The time spent in Holland led to the publication of the three works of his maturity, Histoire physique de la mer, Danubius Pannonico-Mysicus and the Stato militare dell’Imperio Ottomano, published in 1725, 1726 and 1732 respectively.  The three most important of Marsili’s works dealing with science and natural history, Osservazioni intorno al Bosforo Tracio, Histoire physique de la mer and Danubius Pannonico-Mysicus, laid the foundations for modern oceanography.

During the second period of his life Marsili first went to Switzerland and France, spent time in Marseille to study the sea and equipped his little house in Cassis near Toulon to perform chemical analyses, which served as the basis for his later publication of Histoire physique de la mer (Quincy, 1741, Mills 2001), and later returned to Bologna, where he continued to move in diplomatic circles and conduct scientific research in natural history (Cavazza, 1980, 1990, 1995, 2002).
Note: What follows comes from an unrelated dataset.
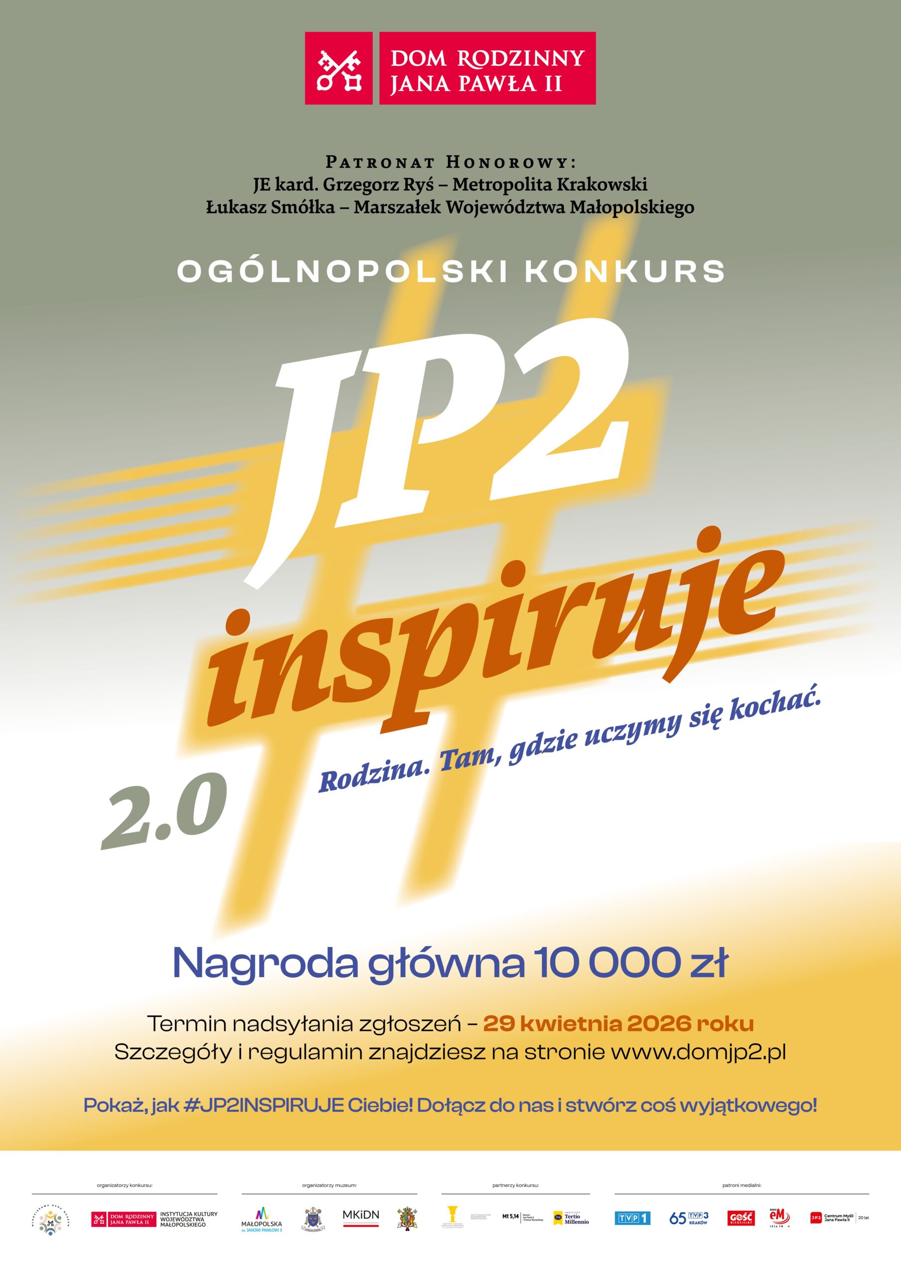 Konkurs odbywa się pod honorowym patronatem Marszałka Województwa Małopolskiego oraz Metropolity Krakowskiego. Partnerem konkursu jest Mt 5,14 | Muzeum Jana Pawła II i Prymasa Wyszyńskiego.

He founded the Istituto delle Scienze, to which he donated all of his rich collection of scientific and learned material. The Istituto was inaugurated the 11th of January 1712 and, a few years later, in 1714, it merged with the Accademia degli Inquieti (founded 1690) to become the Accademia delle Scienze dell’Istituto di Bologna, attached to the University of Bologna. Later Marsigli established a printing-house furnished with the best types for Latin, Greek, Hebrew, and Arabic. This was put in charge of the Dominican Order, and placed under the patronage of St. Thomas Aquinas. In 1727 he added to the collections the East India material that he collected in England and Holland. Dedicated only to experimental sciences, medicine and physics-mathematics, the Istituto delle Scienze and the Accademia delle Scienze caused an increasing awareness in Bologna of the theories of Malpighi, Descartes and Newton and the doctrines of Copernicus, Galileo and Bacon. The Institute’s approach to the practical applications of research was also different from what had often come before: it soon created a new centre of midwifery training and, following interest from Benedict XIV (1675-1758), favoured surgery with the creation of a school specializing in the treatment of kidney stones.

Luigi Ferdinando Marsili died in Bologna in 1730.

Figure 2. Aula Magna, Biblioteca Universita Bologna

Acknowledgements

We thank the director and personnel of the Marsili Museum, University of Bologna (Fig. 2), where most of the Marsili archives are kept, for their support and supply of materials.